§ Activity: Leaving all pictures aside, copy exactly the lines from the start of the listing below through the line that contains "Foreign Trade Large", and only those lines.

§ Recorded information:
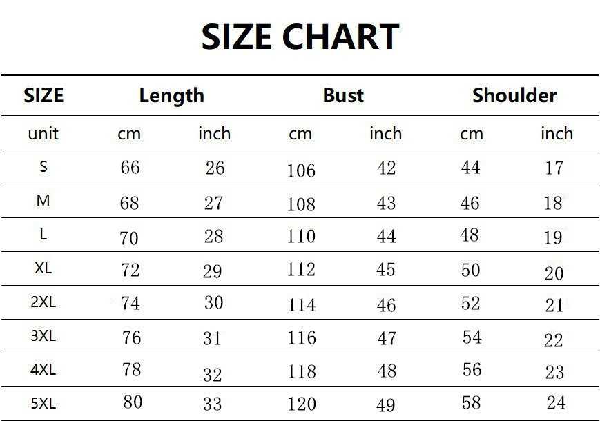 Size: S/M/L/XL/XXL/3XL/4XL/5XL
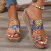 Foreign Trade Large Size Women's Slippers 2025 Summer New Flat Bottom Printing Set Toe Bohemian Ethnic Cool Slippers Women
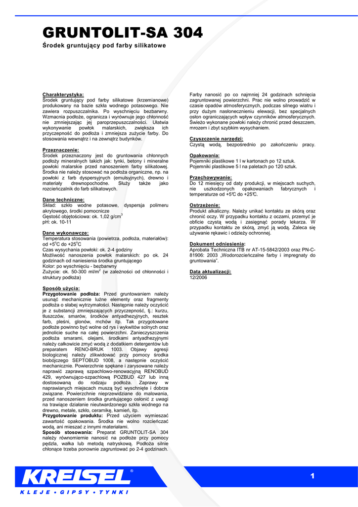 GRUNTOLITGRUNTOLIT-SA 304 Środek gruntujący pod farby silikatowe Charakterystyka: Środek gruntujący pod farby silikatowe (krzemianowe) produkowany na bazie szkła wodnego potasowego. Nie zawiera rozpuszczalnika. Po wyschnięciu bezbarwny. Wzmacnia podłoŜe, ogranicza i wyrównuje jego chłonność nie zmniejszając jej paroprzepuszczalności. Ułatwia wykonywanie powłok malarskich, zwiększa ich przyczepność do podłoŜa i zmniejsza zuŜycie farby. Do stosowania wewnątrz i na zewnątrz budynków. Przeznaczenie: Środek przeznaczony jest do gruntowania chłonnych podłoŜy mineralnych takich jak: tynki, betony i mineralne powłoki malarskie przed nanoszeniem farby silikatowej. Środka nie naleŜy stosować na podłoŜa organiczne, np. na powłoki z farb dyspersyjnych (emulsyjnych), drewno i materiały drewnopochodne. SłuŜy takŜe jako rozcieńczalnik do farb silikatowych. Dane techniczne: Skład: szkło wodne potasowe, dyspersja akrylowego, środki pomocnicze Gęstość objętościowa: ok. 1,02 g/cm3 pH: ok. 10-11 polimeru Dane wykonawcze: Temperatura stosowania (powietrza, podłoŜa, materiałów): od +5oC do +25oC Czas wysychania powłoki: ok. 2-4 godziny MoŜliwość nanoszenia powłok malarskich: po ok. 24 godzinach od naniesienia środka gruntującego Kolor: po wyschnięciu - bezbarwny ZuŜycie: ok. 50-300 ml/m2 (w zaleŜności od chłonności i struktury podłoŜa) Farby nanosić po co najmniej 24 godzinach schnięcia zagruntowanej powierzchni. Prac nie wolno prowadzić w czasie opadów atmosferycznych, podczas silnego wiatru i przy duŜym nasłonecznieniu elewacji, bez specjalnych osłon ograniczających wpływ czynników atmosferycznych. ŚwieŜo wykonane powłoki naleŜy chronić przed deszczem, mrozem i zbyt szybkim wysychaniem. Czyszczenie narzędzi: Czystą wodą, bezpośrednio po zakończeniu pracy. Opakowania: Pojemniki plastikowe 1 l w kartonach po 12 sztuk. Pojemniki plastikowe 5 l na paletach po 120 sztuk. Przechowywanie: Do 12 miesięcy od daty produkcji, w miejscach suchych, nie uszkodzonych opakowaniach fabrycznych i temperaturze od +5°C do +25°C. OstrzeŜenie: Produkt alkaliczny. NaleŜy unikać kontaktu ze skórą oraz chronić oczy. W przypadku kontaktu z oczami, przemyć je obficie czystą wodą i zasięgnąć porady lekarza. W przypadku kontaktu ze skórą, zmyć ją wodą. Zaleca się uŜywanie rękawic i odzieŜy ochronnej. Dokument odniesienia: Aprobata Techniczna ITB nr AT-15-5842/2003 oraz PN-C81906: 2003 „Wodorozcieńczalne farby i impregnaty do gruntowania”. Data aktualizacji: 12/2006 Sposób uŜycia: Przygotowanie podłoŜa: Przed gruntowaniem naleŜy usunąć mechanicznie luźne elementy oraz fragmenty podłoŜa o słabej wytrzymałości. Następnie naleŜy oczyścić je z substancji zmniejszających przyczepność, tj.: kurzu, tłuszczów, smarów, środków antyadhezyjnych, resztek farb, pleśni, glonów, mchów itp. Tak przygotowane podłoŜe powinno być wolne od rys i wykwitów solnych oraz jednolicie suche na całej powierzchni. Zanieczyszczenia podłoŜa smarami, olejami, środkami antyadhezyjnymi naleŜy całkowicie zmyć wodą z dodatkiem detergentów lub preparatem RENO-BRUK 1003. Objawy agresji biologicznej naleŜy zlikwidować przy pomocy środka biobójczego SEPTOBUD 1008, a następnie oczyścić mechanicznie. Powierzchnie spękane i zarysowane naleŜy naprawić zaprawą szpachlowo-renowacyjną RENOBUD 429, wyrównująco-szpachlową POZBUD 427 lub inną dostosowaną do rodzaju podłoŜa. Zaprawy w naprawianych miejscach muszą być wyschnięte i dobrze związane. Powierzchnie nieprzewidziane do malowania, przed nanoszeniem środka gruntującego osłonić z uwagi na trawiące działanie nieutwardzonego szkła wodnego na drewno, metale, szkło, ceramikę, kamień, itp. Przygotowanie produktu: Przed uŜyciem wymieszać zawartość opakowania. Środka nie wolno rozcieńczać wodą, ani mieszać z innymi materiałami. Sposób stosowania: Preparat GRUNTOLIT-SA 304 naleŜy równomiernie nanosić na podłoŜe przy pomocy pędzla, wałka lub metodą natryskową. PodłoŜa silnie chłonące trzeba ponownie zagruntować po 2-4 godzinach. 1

§ Response to the task:
 Size: S/M/L/XL/XXL/3XL/4XL/5XL
 Foreign Trade Large Size Women's Slippers 2025 Summer New Flat Bottom Printing Set Toe Bohemian Ethnic Cool Slippers Women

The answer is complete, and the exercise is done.